### What you have to do
Please write out exactly, without any picture, each line from the first in the listing through the line that includes "Das Estúdio com".

### Source data
_ _ _ _ _ _ _
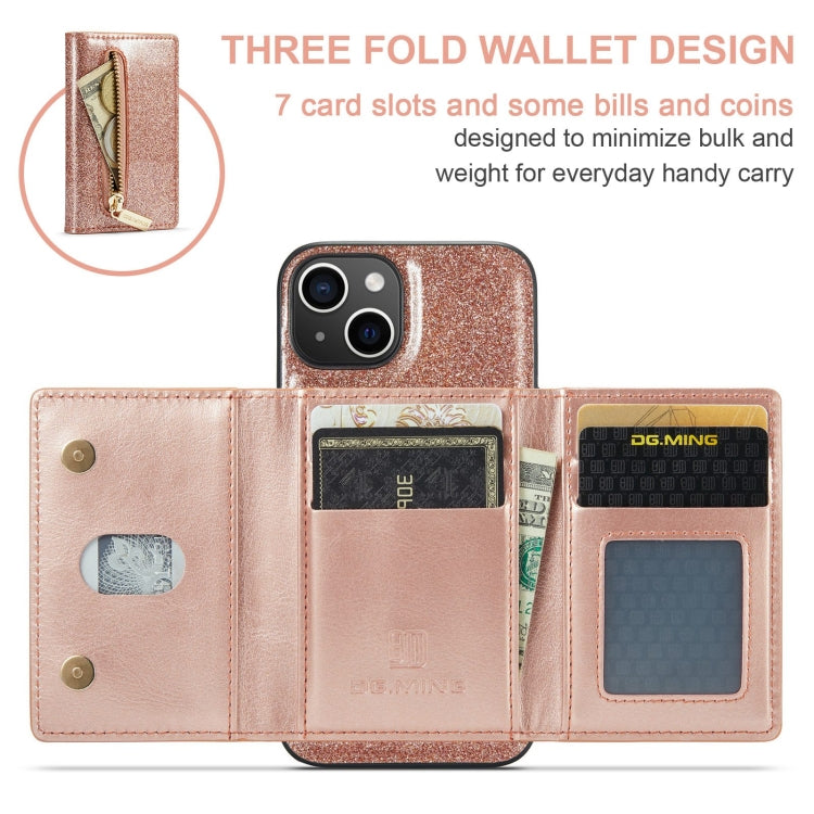 Funda de Cuero para iPhone 15 Plus Dg.Ming M3 Series Glitter Powder Card Bag (Oro Rosa)
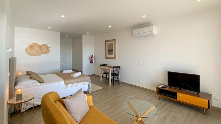 Das Estúdio com Fantástica Vista Mar - Praia da Luz bietet Übernachtungsmöglichkeiten mit kostenlosem WLAN und Klimaanlage. Es ist eine Ferienwohnung mit Zugang zu einem Tennisplatz und einer Sonnenterrasse.
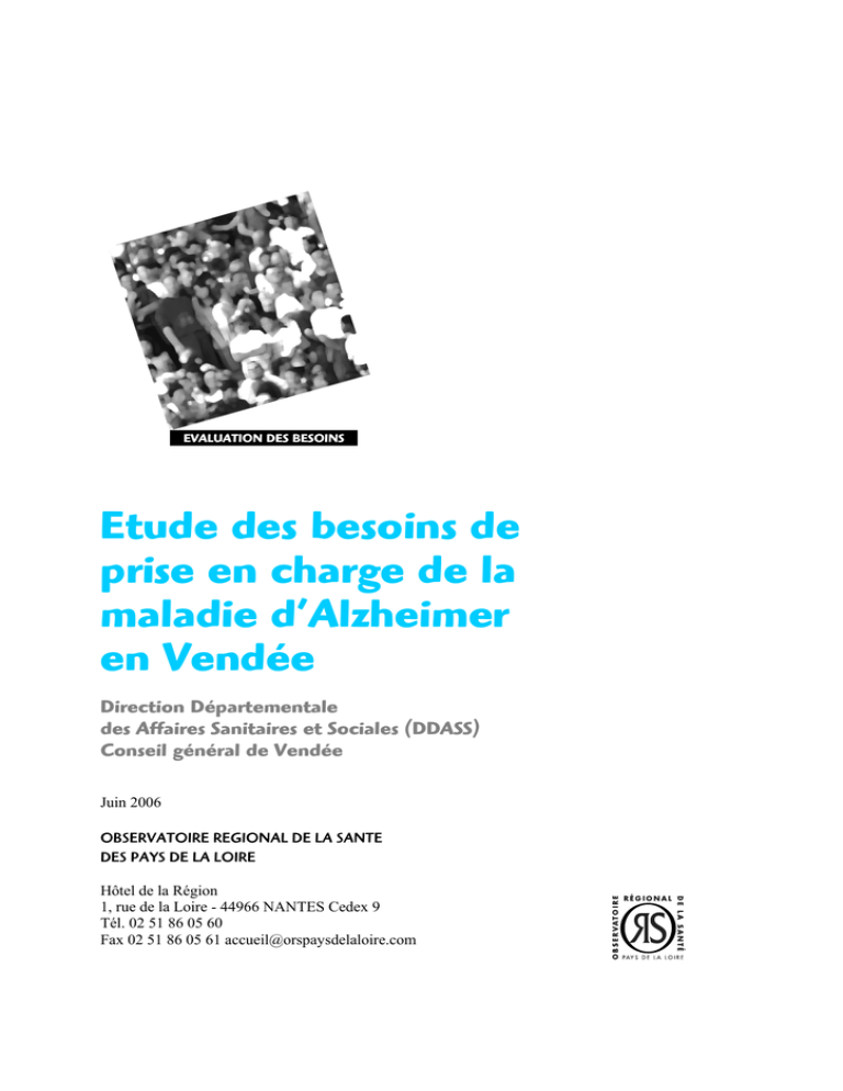 EVALUATION DES BESOINS Etude des besoins de prise en charge de la maladie d’Alzheimer en Vendée Direction Départementale des Affaires Sanitaires et Sociales (DDASS) Conseil général de Vendée Juin 2006 OBSERVATOIRE REGIONAL DE LA SANTE DES PAYS DE LA LOIRE Hôtel de la Région 1, rue de la Loire - 44966 NANTES Cedex 9 Tél. 02 51 86 05 60 Fax 02 51 86 05 61 [email protected] PRISE EN CHARGE DE LA MALADIE D’ALZHEIMER EN VENDEE OBSERVATOIRE RÉGIONAL DE LA SANTE DES PAYS DE LA LOIRE Remerciements Cette étude a été réalisée grâce à la participation de nombreux professionnels : médecins généralistes, gériatres, neurologues, psychiatres, centres médicopsychologiques (CMP) et établissements publics de santé, qui ont accepté de répondre aux différentes enquêtes, et aux membres du Comité de pilotage. Comité de pilotage Madame le Dr Nathalie Aubry Service de gériatrie le Pont Rouge, Centre hospitalier départemental (CHD) Madame le Dr Yvette Bibard Centre hospitalier Georges Mazurelle, La Roche-sur-Yon Monsieur André Bouvet Directeur départemental des affaires sanitaires et sociales (DDASS) Monsieur le Dr Emmanuel Branthomme Conseil de l’ordre des médecins de Vendée Madame le Dr Marie-Christine Butreau Service de gériatrie, Centre hospitalier Côte de Lumière, Les Sables d’Olonne Monsieur le Dr Dominique Delor Médecin-conseil chef de service, Caisse primaire d'assurance maladie (CPAM) Madame le Dr Annick Grolleau Direction de la solidarité et de la famille (DSF), Actions médico-sociales, Conseil général de Vendée Mme Marie-Hélène Gavrel Présidente de l’Association Vendée Alzheimer Monsieur le Dr Thomas Hérault Union régionale des médecins libéraux (URML) des Pays de Loire Monsieur Loïc Le Nevé-Ricordel Union régionale des caisses d'assurance maladie (URCAM) des Pays de Loire Monsieur le Dr Pierre Lermite Service de gériatrie le Pont Rouge, Centre hospitalier départemental (CHD) Madame Viviane Massinon Echelon statistique, Direction régionale des affaires sanitaires et sociales (DRASS) des Pays de Loire Monsieur le Dr Hervé Viarouge Médecin-conseil, Mutualité sociale agricole (MSA) de Vendée Cette étude a également bénéficié du concours : - de l’Union régionale des caisses d’assurance maladie (URCAM) des Pays de la Loire et des caisses d’assurance maladie de Vendée qui ont mis à disposition les données issues de la gestion du risque concernant les patients sous traitement anticholinestérasique, - de la direction régionale du service médical de l’Assurance maladie, - de l’Union régionale des médecins libéraux (URML) - du Conseil de l’Ordre des médecins de Vendée - du service statistique de la DRASS qui a mis à notre disposition une extraction du fichier ADELI des médecins généralistes vendéens en activité. Nous devons également citer le travail du Dr Teddy Bourdet qui a entrepris une enquête en Vendée sur les conduites diagnostiques des médecins généralistes en 2004, dont nous avons utilisé différents résultats [7]. 2 PRISE EN CHARGE DE LA MALADIE D’ALZHEIMER EN VENDEE OBSERVATOIRE RÉGIONAL DE LA SANTE DES PAYS DE LA LOIRE Cette étude a été effectuée par l’Observatoire régional de la santé des Pays de la Loire, à la demande et grâce au financement de la Direction départementale des affaires sanitaires et sociales (DDASS) et du Conseil général de Vendée, de l’Agence régionale de l’hospitalisation (ARH), et de la Direction Régionale des Affaires Sanitaires et Sociales (DRASS). Cette étude a également bénéficié du soutien de la Direction de la Recherche, des Etudes, de l'Evaluation et des Statistiques (DREES), de l’Union régionale des médecins libéraux (URML) et du Conseil de l’Ordre des médecins de Vendée. Sa réalisation a été assurée par le Dr Nicolas Mauduit et François Tuffreau, en collaboration avec Sandrine Blais, Brigitte Klok, Laurence Girard et Christophe Leux. 3 PRISE EN CHARGE DE LA MALADIE D’ALZHEIMER EN VENDEE OBSERVATOIRE RÉGIONAL DE ENQUETES EN MEDECINE GENERALE ET AUPRES DES ETABLISSEMENTS PREMIERE PARTIE 8 CHAPITRE I Enquête en médecine générale 8 11 - Principales caractéristiques de la démographie médicale 8 12 - Présentation générale de l’enquête 9 13 - Caractéristiques des répondants et des non répondants 9 14 - Evaluation du nombre de patients sous traitement anti-Alzheimer 12 15 - Caractéristiques des patients suivis pour la maladie d’Alzheimer 14 16 - Conditions du diagnostic 15 17 - Réponses proposées par le médecin 16 18 - Coordination des soins 17 19 - Besoins prioritaires 18 CHAPITRE II Enquête auprès des médecins spécialistes et des CMP 19 21 - Enquêtes auprès des psychiatres et neurologues 19 22 - Enquête auprès des gériatres et du Centre de consultation mémoire 20 23 - Enquête auprès des Centres médico-psychologiques (CMP) 21 CHAPITRE III 22 Enquête auprès des maisons de retraite hospitalières et USLD publiques DEUXIEME PARTIE EPIDEMIOLOGIE COMPAREE DES DEMENCES 25 CHAPITRE I Epidémiologie des démences 25 11 - Prévalence des démences 25 12 - Incidence des démences 27 CHAPITRE II 28 Epidémiologie de la maladie d’Alzheimer 21 - Prévalence de la maladie d’Alzheimer 28 22 - Incidence de la maladie d’Alzheimer 29 23 - Les patients sous traitement médicamenteux anti-Alzheimer 30 4 LA SANTE DES PAYS DE LA LOIRE 7 Introduction PRISE EN CHARGE DE LA MALADIE D’ALZHEIMER EN VENDEE EVALUATION DES BESOINS AU NIVEAU DES TERRITOIRES 32 CHAPITRE I Une grande disparité des indicateurs sociaux 32 CHAPITRE II 33 Analyse quantitative des besoins QUATRIEME PARTIE SYNTHESE 35 CHAPITRE I Epidémiologie comparée 35 CHAPITRE II 36 Le rôle des médecins généralistes CHAPITRE III 37 La coordination des soins 31 - La coordination institutionnelle 37 32 - La coordination des interventions 37 CHAPITRE IV Les besoins prioritaires 39 BIBLIOGRAPHIE 40 QUESTIONNAIRES D’ENQUETE 45 ANNEXES 5 LA S
_ _ _ _ _ _ _
### Answer for the task
 Funda de Cuero para iPhone 15 Plus Dg.Ming M3 Series Glitter Powder Card Bag (Oro Rosa)
 Das Estúdio com Fantástica Vista Mar - Praia da Luz bietet Übernachtungsmöglichkeiten mit kostenlosem WLAN und Klimaanlage. Es ist eine Ferienwohnung mit Zugang zu einem Tennisplatz und einer Sonnenterrasse.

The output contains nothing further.